И с болью в сердце он припоминал, что в один день он писал письмо к высокопоставленным родственникам. Письмо было написано гордо, но струсивший человек был виден в нем весьма явственно.
Скверное воспоминание!..
Он вспомнил, что перед этим письмом они с женой почему-то по целым месяцам молчали… Вспомнил, что иной раз она вдруг оживится, придет веселая, с очевидной надеждой обрадовать своего друга, скажет: «А мне обещали большую работу»… И не только не обрадует, а разозлит… Отчего он злится?.. Оттого, что в нем стали пробуждаться такие желания, такие аппетиты, которые заставляли смотреть на все это как на глупость… Пробуждались они в самой глубине, в самом корне организма, в крови… в этом-то вся и беда… В крови ходила любовь к даровому, к произволу, к лени… Язык еще довольно искусно мог болтать о том, что, мол, можно продолжать начатое дело, получая хороший оклад от какого-нибудь немца, благодетельствующего русскую землю, а в крови текло совсем другое: там была даже прямая любовь к тем благам, которые можно захватить в этом бренном мире… Как ему вдруг стало весело, когда вышло место! Место с большим окладом, с некоторою долею власти. От тотчас почувствовал под ногами твердую землю. Он почувствовал, что только теперь он и стал человек, а до сих пор он только мучился неизвестно из-за чего. Все это, повторяю, на беду было в корне самого организма, все это радостно бегало в крови, в нервах, хотя на словах выливалось иначе… «Приезжайте, ребята, ко мне, — говорил он на прощальном вечере с выборгскими приятелями, — приезжайте все!» Он сулил золотые горы, помощь материальную и нравственную. У него будет власть, средства, — тут ли он не развернется? Все
А она надулась. С получением места, оклада — зачем и переводы? Оклад отнимал у ней возможность проявлять свою задачу — покончить с прошлым в той работе, которой она могла добиться. Эта глупенькая работа, этот труд достать ее и сидеть над ней — нужен был для полноты любви к человеку, с которым она именно и сошлась во имя новой жизни, во имя труда; маленький труд этот составлял все содержание ее жизни и, оказавшись ненужным, — отнял смысл и у жизни! Может ли она теперь идти вместе с ним так, как шла до сих пор, — по одной дороге? До сих пор она знала и его дело и свое; до сих пор и его дело и ее были им обоим необходимы; теперь же, по крайней мере в отношении материального подспорья, — он и без нее обойдется. Зачем будет она работать теперь? Только для собственного удовольствия, — а такое удовольствие ей не нужно. Она видела, что он как будто уходит от нее, как будто оставляет ее в стороне; ей чудилось, что она теперь остается одна… Вот отчего она задумалась, не зная, что с ней делается, — а ему было очень неприятно, что она надулась именно тогда, когда ему весело…

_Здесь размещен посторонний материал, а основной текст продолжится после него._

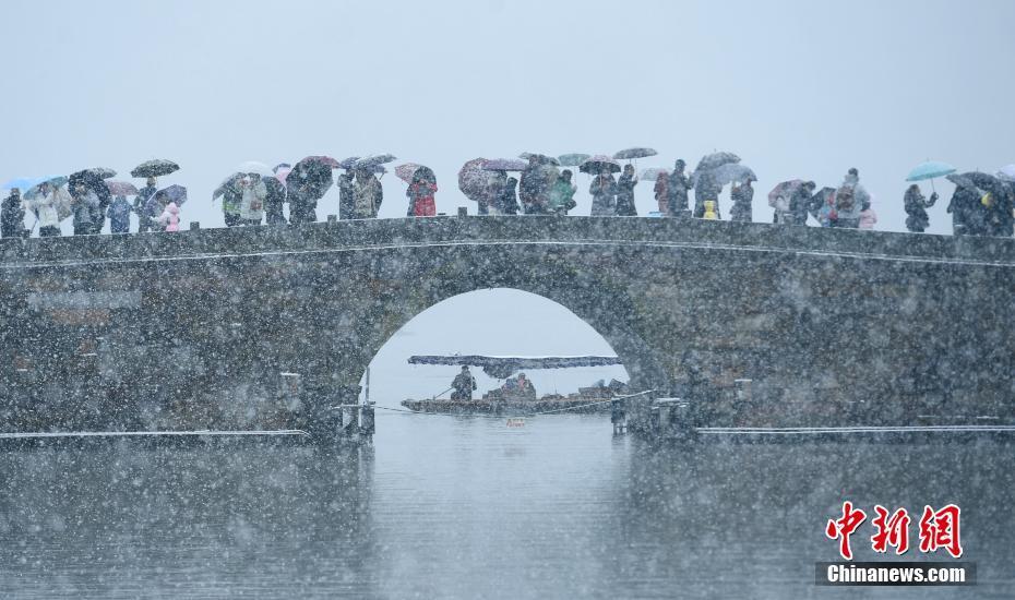 2月7日,众多游人撑伞在西湖断桥上赏雪。当日,浙江杭州出现降雪天气,雪中的西湖美景吸引游人。 中新社记者 王刚 摄

. . . . . . . . . . . . . . . . . . . .
На пути в губернский город N, куда они направлялись на жительство и где муж получил место, случился очень любопытный эпизод. Долгое время в вагоне не было никого, кроме их двух. Он — закутанный уже в солидную шубу («нельзя же!»); она — в том же салопчике («И очень глупо!» — сказал ей муж), — оба они ехали и думали, и молчали. Вдруг на одной из промежуточных станций в вагон вошло двое господ. Они были под хмельком и громко разговаривали. Вслушиваясь в их разговор, он угадал, что эти разговаривающие — его будущие подчиненные, что они служат в том самом правлении акционерного общества, куда едет и он… Это его подчиненные, думал он — и в одну минуту, во мгновение ока, ощутил удовольствие быть начальником… Откуда взялось это ощущение удовольствия? Оно ходило в крови, оно было воспитано, возделано крепостным правом и вдруг проснулось, как просыпаются в собаке охотничьи свойства в ту самую минуту, когда она очутится в поле… Сердце его билось при мысли — что будет с этими двумя господами, когда они узнают, что он, этот господин в шубе, их начальник?.. Барин, произвол — стучались в его сердце частыми толчками, стучались в то самое сердце, которое еще недавно было судорожно сжато идеей братства… Ощущения, присущие барину, теплом размягчили эту судорогу, и — нечего греха таить — сознание неравенства веселым ощущением пробегало по нервам…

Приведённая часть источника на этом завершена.